History has a way of repeating itself. In the Sunken City that was once Paris, all who oppose the new revolution are being put to the blade. Except for those who disappear from their prison cells, a red-tipped rook feather left in their place. Is the mysterious Red Rook a savior of the innocent or a criminal?
Meanwhile, across the sea in the Commonwealth, Sophia Bellamy’s arranged marriage to the wealthy René Hasard is the last chance to save her family from ruin. But when the search for the Red Rook comes straight to her doorstep, Sophia discovers that her fiancé is not all he seems. Which is only fair, because neither is she.
As the Red Rook grows bolder and the stakes grow higher, Sophia and René find themselves locked in a tantalizing game of cat and mouse.
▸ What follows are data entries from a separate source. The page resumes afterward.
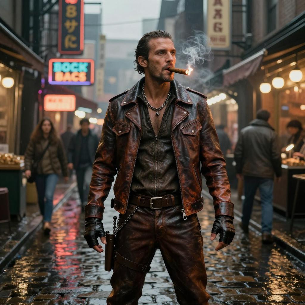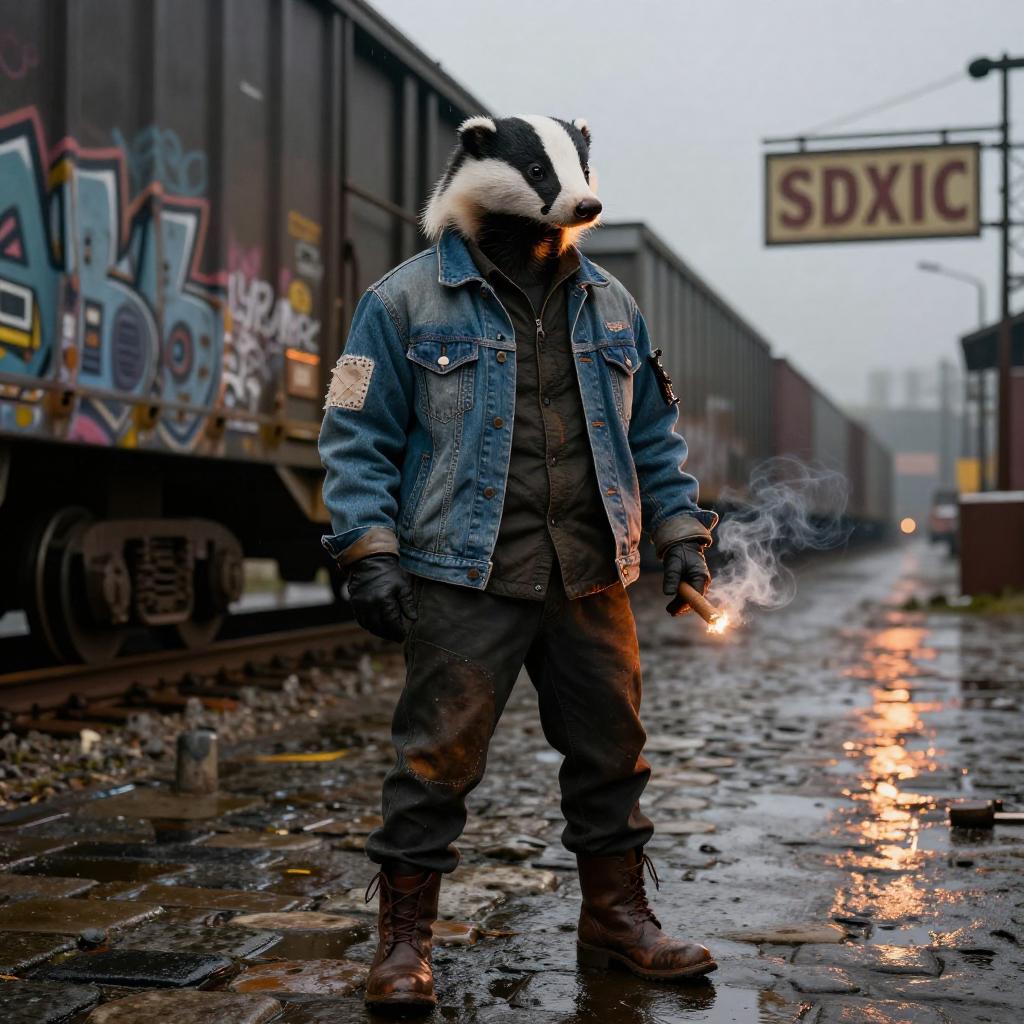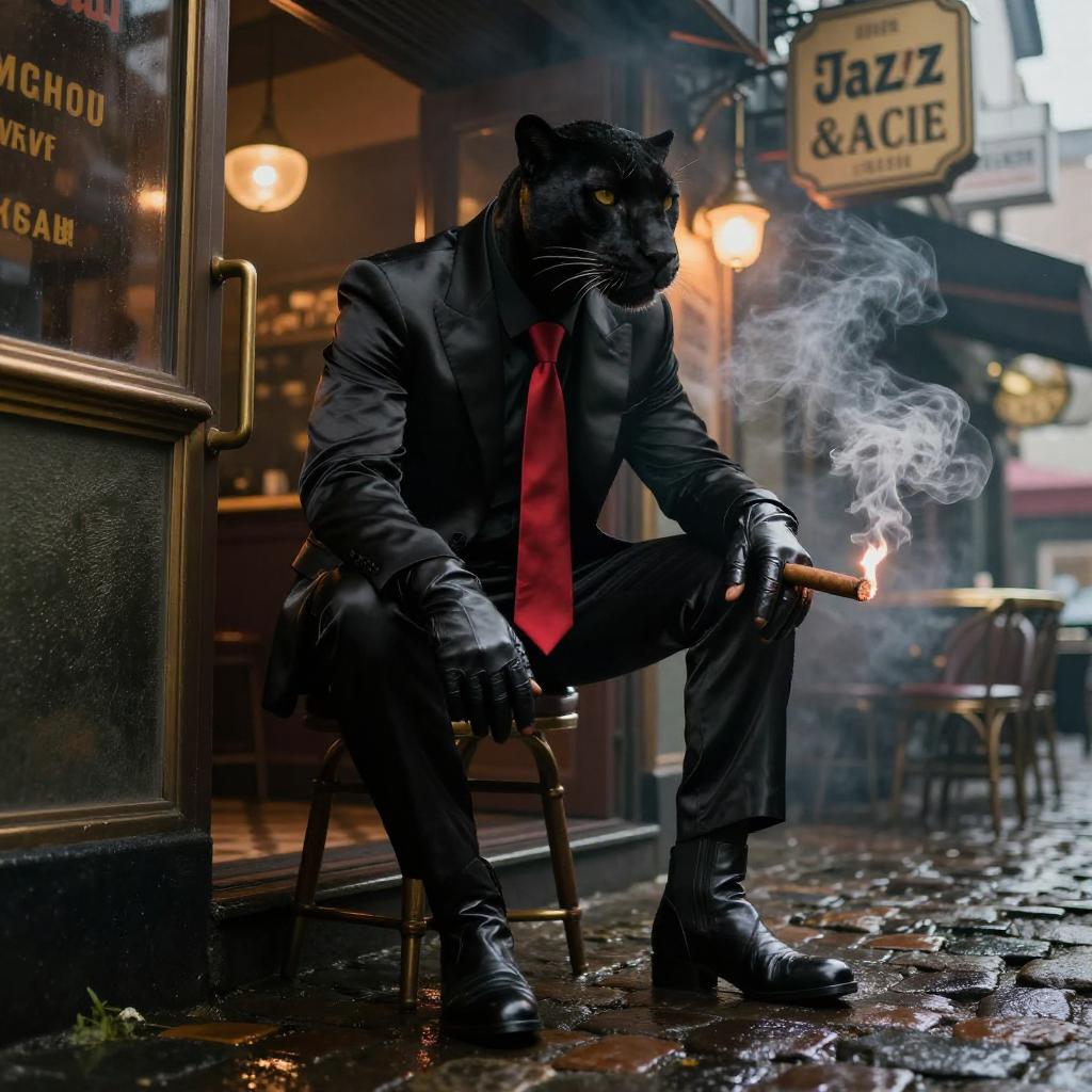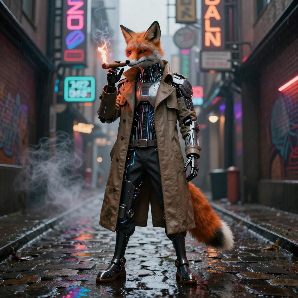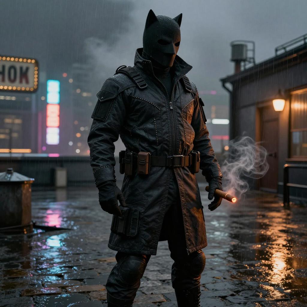 Hacker ferret in sleek reflective tech jacket with augmented reality glasses, cigar ember glowing, posed in dim arcade basement filled with outdated terminals and scattered cables, noir atmosphere, volumetric smoke, rain-slick cobblestones, period signage, reflective metal and textured fabrics, dramatic rim light outlining the silhouette, warm tungsten practicals, low-angle perspective, shallow depth of field, wet pavement reflections, cinematic composition, gritty details, SDXL photoreal, ultra-detailed, 8k, subtle grain, soft vignette, deep shadows and crisp highlights
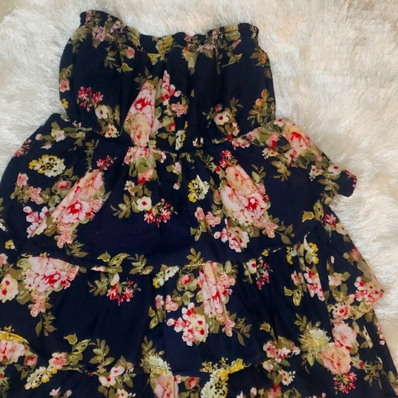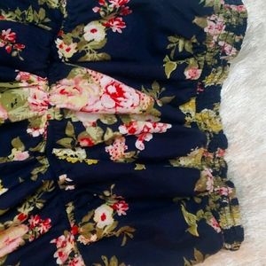 Navy with pink flowers scrunched top
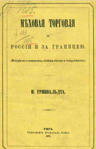 Ещё в конце XIX века в Риге вышел справочник «Меховая торговля в России и за границей П. Гринвальдта». Скорее всего, его автор был владельцем собственного предприятия в Петербурге, по крайней мере, в столице работал «Дом меха П. М. Гринвальдт». Автор книги отмечает, что русские купцы торговали мехами уже примерно с XI века, продавая их и в Грецию, и в Хазарию (часть территории современных Казахстана, Приазовья и Поволжья), и в Сирию, и в Волжскую Булгарию, и в города Ганзейского союза (Северо-Восточная Европа).
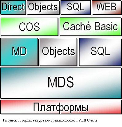Cache' – кроссплатформенная система. Cache' поддерживает следующие операционные системы: всю линейку Windows, Linux, основные реализации Unix и Open VMS. Планируется поддержка новых реализаций Unix. Большое внимание уделяется новой платформе Itanium. Данные в Cache' хранятся под управлением Сервера многомерных данных. В основе Cache' лежит транзакционная многомерная модель данных (TMDM), которая позволяет хранить и представлять данные так, как они чаще всего используются. Сервер многомерных данных снимает многие ограничения, накладываемые реляционными СУБД, которые хранят данные в двумерных таблицах, ведь если реляционная модель состоит из большого количества таблиц, что необходимо при работе со сложными структурами данных, это существенно усложняет и замедляет выполнение сложных транзакций и ведет к хранению излишней информации. Cache' хранит данные в виде многомерных разреженных массивов – глобалей. Уникальная транзакционная многомерная модель данных позволяет избежать проблем, присущих реляционным СУБД, оптимизируя данные на уровне хранения. В отличие от ранних многомерных СУБД, которые были оптимизированы для создания аналитических систем, Cache' ориентирована на системы обработки транзакций (Online Transaction Processing). Сервер многомерных данных Cache' предназначен для обработки транзакций в системах с большими и сверхбольшими БД (сотни гигабайт, терабайты) и большим количеством одновременно работающих пользователей. Сервер многомерных данных Cache' позволяет разработчикам получить великолепную производительность, отказавшись от хранения избыточных данных и таблиц. Реляционная модель не всегда подходит для описания сложных предметных областей. Транзакционная модель данных Cache' позволяет оптимизировать данные на уровне хранения, поддерживать объектную модель и сложные типы данных. Все эти возможности значительно упрощают создание сложных систем.
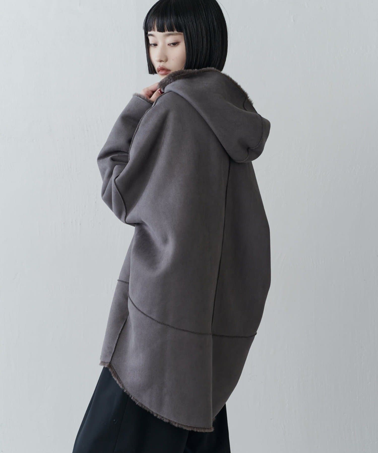 裾にかけてややコクーンシルエットに仕上げることスッキリと着こなせます。
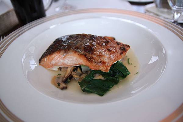 主菜, 是烤鮭魚佐蛤蠣巧達 & 萵苣甜菜
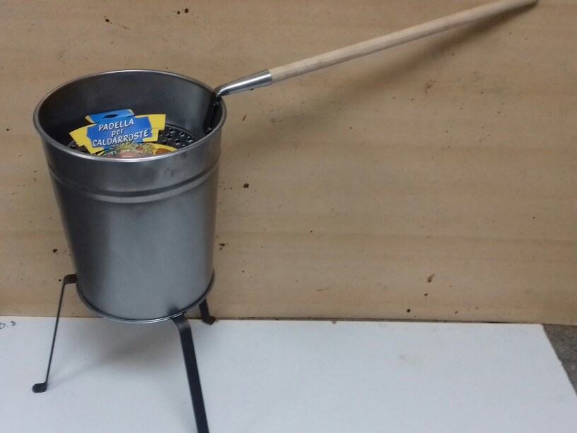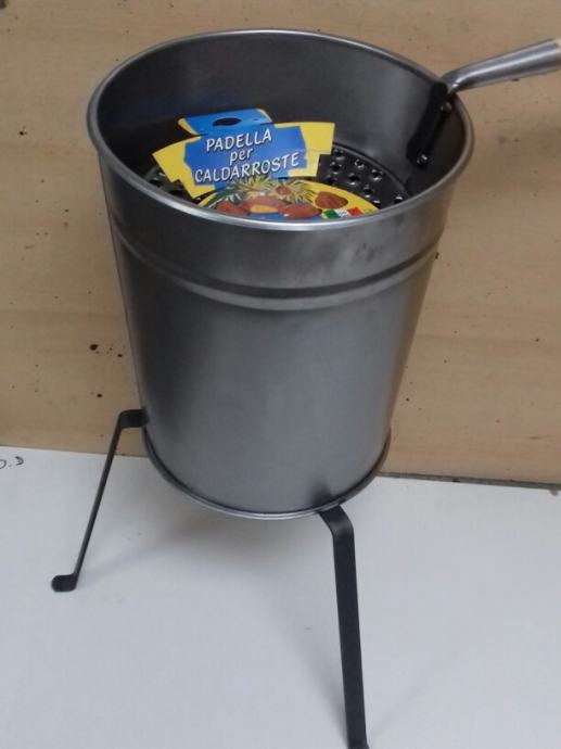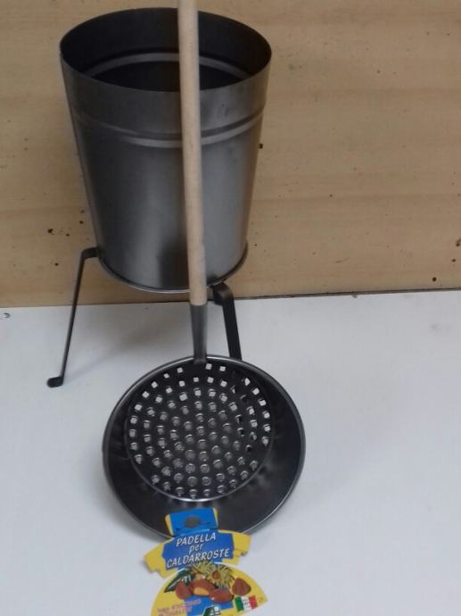Prodam pekac kestena, tavu od spec. materijala za prehranu.promjer 26.,5 do 27 cm.Vrijednost 25 e.Prodam za 149 kn.kom. Moguca dostava postom.A Pokretna pecenjara na drva,ili plin sa velikom tavom na drvenoj dugoj dršci cijena = ( vrijednost 165 e.) po upitu, dogovor.
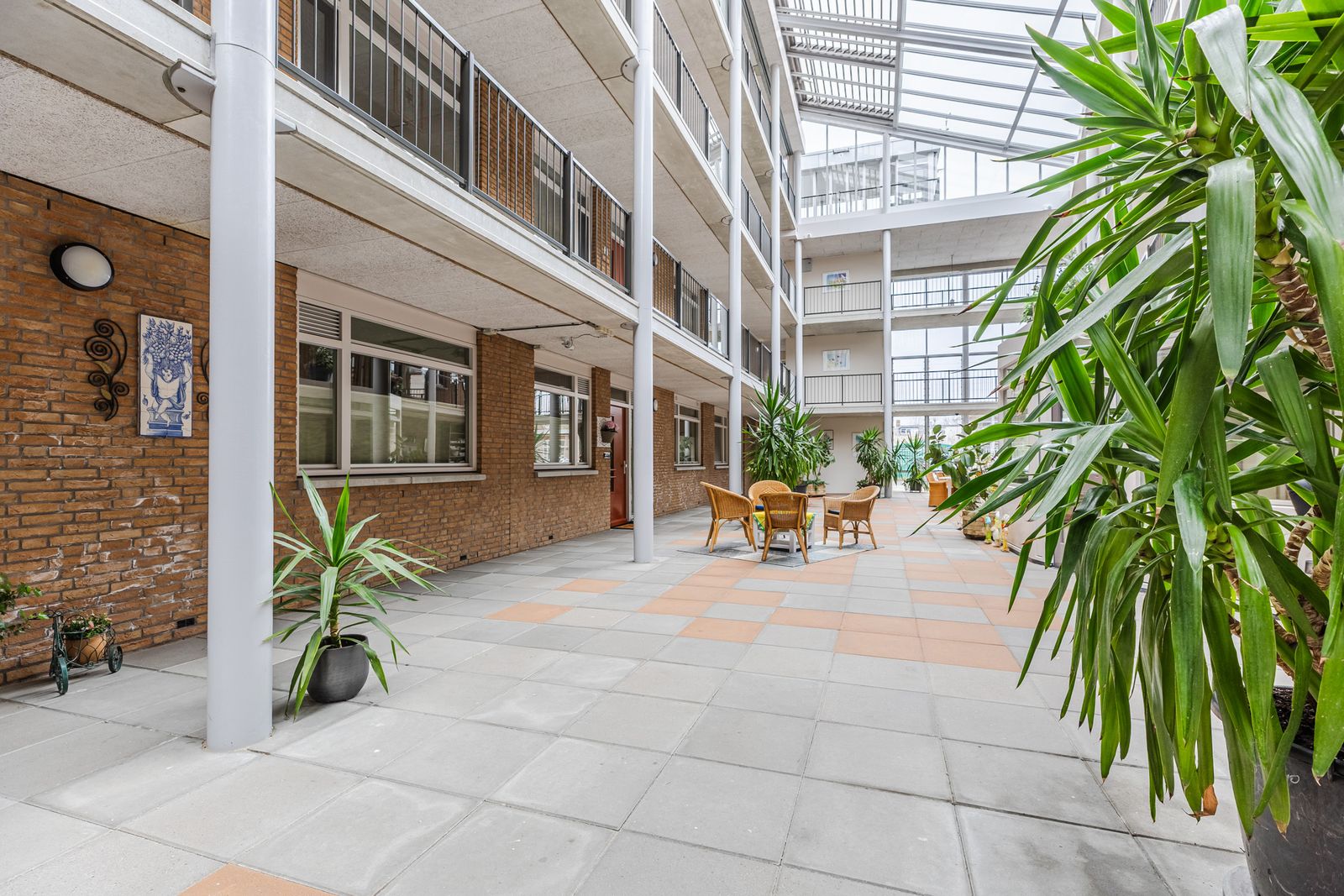 Als u het gebouw benadert treft u naast de centrale entree het bellentableau en de brievenbussen. In de afgesloten hal vind u de lift, het trappenportaal en de toegang naar het Atrium.
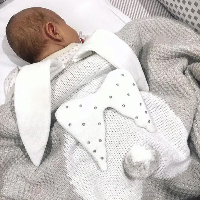 Плед Зайка ангел станет вашим главным помощником в уходе за малышом, уютным хранителем снов и идеальным стильным аксессуаром для путешествий и фотосессий.

This novel is an homage to The Scarlet Pimpernel, and even though I’ve never read it, I found this story to be enjoyable and interesting. Even though this is a dystopian novel, I still thought it brought something new to the genre. I think my favourite part of it was the blend of the future and the past.
In this novel, the magnetic poles shift, which cause all our electronic devices to stop working essentially sending us back to the Middle Ages. This novel takes place in the far future where all knowledge of today is regarded as myth and all technology and plastic is outlawed. This was a really unique twist on the end of world scenario. The book takes place in the Sunken City (formerly known as Paris), and is run by a dictator who turns the lower class against the upper class and executes his prisoners with the use of the Razor, which is a large guillotine. Sounds a little familiar, right?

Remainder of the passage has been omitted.